District of Ethiopia

Naannawa Ambo is one of the districts in the Oromia region of Ethiopia. Part of the West Shaggar Zone, it is bordered on the southwest by Gurraacha Enchini, on the west by Cheliya, on the north by Kutaye-Liban, on the northeast by Jeldu, on the east by Dendi, and on the southeast by the Southwest Shewa Zone. The administrative center of this woreda is Ambo; other towns include Gorosile and Meti. Ambo Zuria and Toke Kutaye woredas and Ambo town were part of former Ambo woreda.

==Overview==
One of the high points in this woreda is Mount Wanchi (3386 meters). Coffee is an important cash crop of Ambo; over 50 square kilometers are planted with this crop.

This woreda is home to Dr. Merera Gudina, the founder and chairman of the Oromo People's Congress (OPC). Although the OPC has a large following in Ambo, Human Rights Watch has received reports of kebele officials imprisoning people for campaigning for or providing support to the OPC, or expelling students from school for the same.

==Demographics==
The 2007 national census reported this woreda's total population as 108,406, of whom 54,186 were men and 54,220 women; 865 or 0.8% of its population were urban dwellers. The majority of the inhabitants (51.82%) said they practised Ethiopian Orthodox Christianity, while 32% of the population practiced traditional religions, and 15.9% were Protestant.

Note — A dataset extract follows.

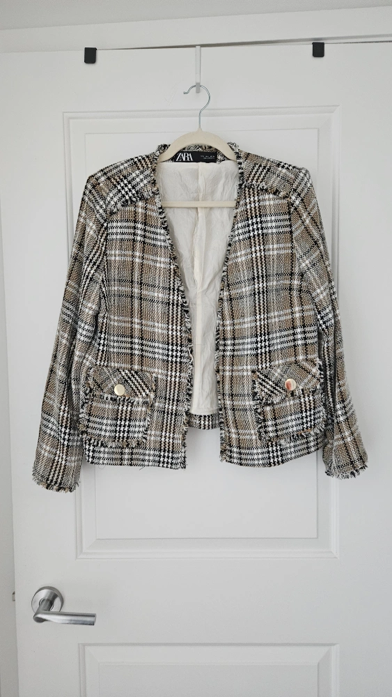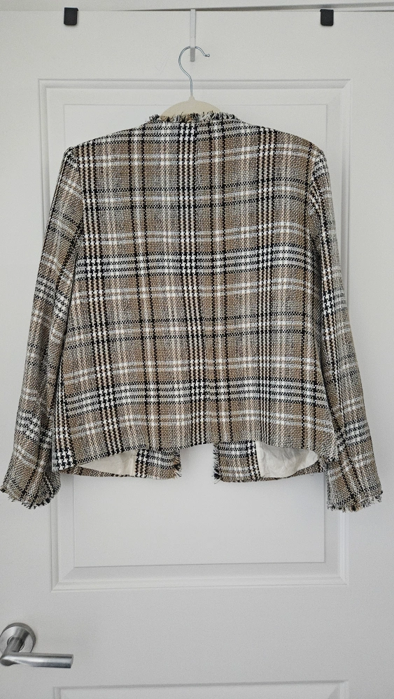 Beautiful Zara Tweed Women's blazer. Size Large. Beige, black and white plaid pattern. Fringed edges. Open front. Two pockets. Fits a medium as well
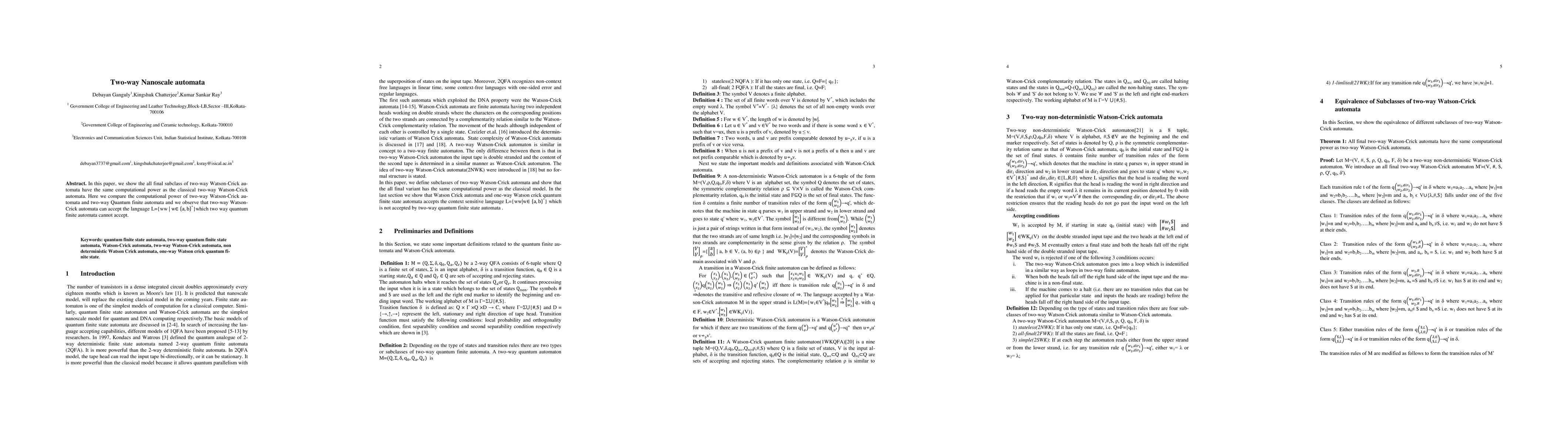 In this paper, we show the all final subclass of two-way Watson-Crick automata have the same computational power as the classical two-way Watson-Crick automata. Here we compare the computational power of two-way Watson-Crick automata and two-way Quantum finite automata and we observe that two-way Watson-Crick automata can accept a language which two-way quantum finite automata cannot accept.

Based on figures published by the Central Statistical Agency in 2005, this woreda has an estimated total population of 260,193, of whom 131,922 are men and 128,271 women; 70,675 or 27.16% of its population are urban dwellers, which is greater than the Zone average of 12.3%. With an estimated area of 1,588.13 square kilometers, Ambo has an estimated population density of 163.8 people per square kilometer, which is greater than the Zone average of 152.8.

The 1994 national census reported a total population for this woreda of 177,465, of whom 87,325 were men and 90,140 women; 39,535 or 22.28% of its population were urban dwellers at the time. The two largest ethnic groups reported in Ambo were the Oromo (92.58%), and the Amhara (5.76%); all other ethnic groups made up 1.16% of the population. Oromiffa was spoken as a first language by 90.92%, and 8.37% spoke Amharic; the remaining 0.81% spoke all other primary languages reported. The majority of the inhabitants professed Ethiopian Orthodox Christianity, with 74.16% of the population reporting they practiced that belief, while 18.77% of the population said they held traditional beliefs, and 6.07% were Protestant.